• WHAT IS BEING ASKED: In your copy, leave out the pictures and repeat every record exactly.

----------------

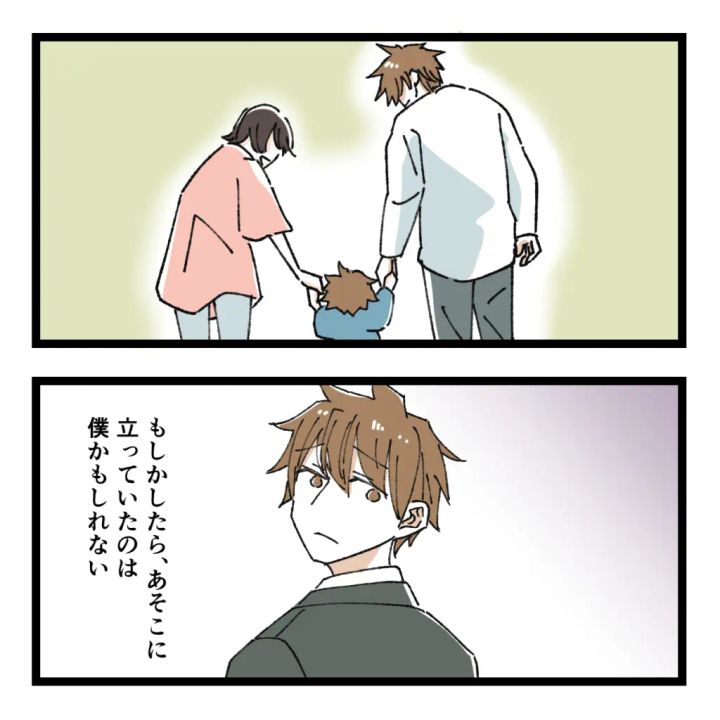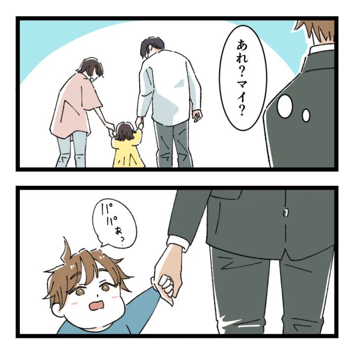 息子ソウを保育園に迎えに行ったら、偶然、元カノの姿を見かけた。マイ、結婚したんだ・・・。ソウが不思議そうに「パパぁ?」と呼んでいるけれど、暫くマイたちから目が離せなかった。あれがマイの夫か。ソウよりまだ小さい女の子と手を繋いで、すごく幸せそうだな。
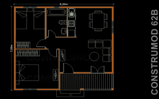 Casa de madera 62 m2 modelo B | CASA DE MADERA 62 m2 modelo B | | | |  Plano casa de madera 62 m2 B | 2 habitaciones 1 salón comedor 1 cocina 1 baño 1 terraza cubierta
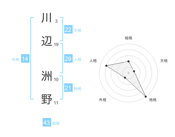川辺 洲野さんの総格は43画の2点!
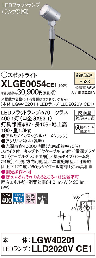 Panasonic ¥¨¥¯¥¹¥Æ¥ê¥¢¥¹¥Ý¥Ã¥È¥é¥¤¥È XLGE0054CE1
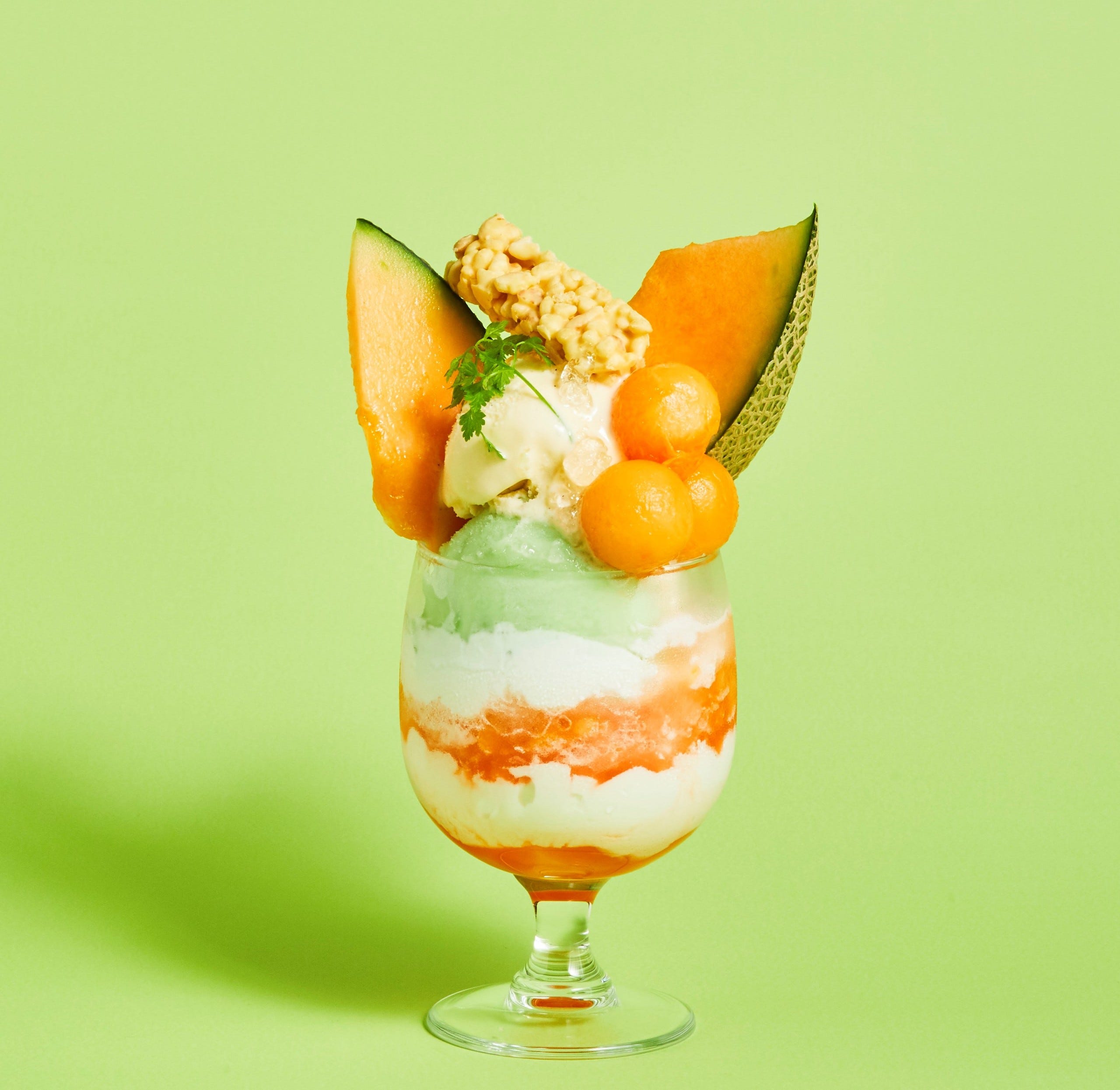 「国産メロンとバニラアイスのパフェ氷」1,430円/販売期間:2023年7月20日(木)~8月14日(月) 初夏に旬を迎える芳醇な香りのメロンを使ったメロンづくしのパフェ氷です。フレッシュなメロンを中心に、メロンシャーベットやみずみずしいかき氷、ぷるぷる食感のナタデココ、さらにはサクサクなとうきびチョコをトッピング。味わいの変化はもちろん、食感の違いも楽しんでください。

----------------

• RESULT OF THE TASK:
 息子ソウを保育園に迎えに行ったら、偶然、元カノの姿を見かけた。マイ、結婚したんだ・・・。ソウが不思議そうに「パパぁ?」と呼んでいるけれど、暫くマイたちから目が離せなかった。あれがマイの夫か。ソウよりまだ小さい女の子と手を繋いで、すごく幸せそうだな。
 Casa de madera 62 m2 modelo B | CASA DE MADERA 62 m2 modelo B | | | |  Plano casa de madera 62 m2 B | 2 habitaciones 1 salón comedor 1 cocina 1 baño 1 terraza cubierta
川辺 洲野さんの総格は43画の2点!
 Panasonic ¥¨¥¯¥¹¥Æ¥ê¥¢¥¹¥Ý¥Ã¥È¥é¥¤¥È XLGE0054CE1
 「国産メロンとバニラアイスのパフェ氷」1,430円/販売期間:2023年7月20日(木)~8月14日(月) 初夏に旬を迎える芳醇な香りのメロンを使ったメロンづくしのパフェ氷です。フレッシュなメロンを中心に、メロンシャーベットやみずみずしいかき氷、ぷるぷる食感のナタデココ、さらにはサクサクなとうきびチョコをトッピング。味わいの変化はもちろん、食感の違いも楽しんでください。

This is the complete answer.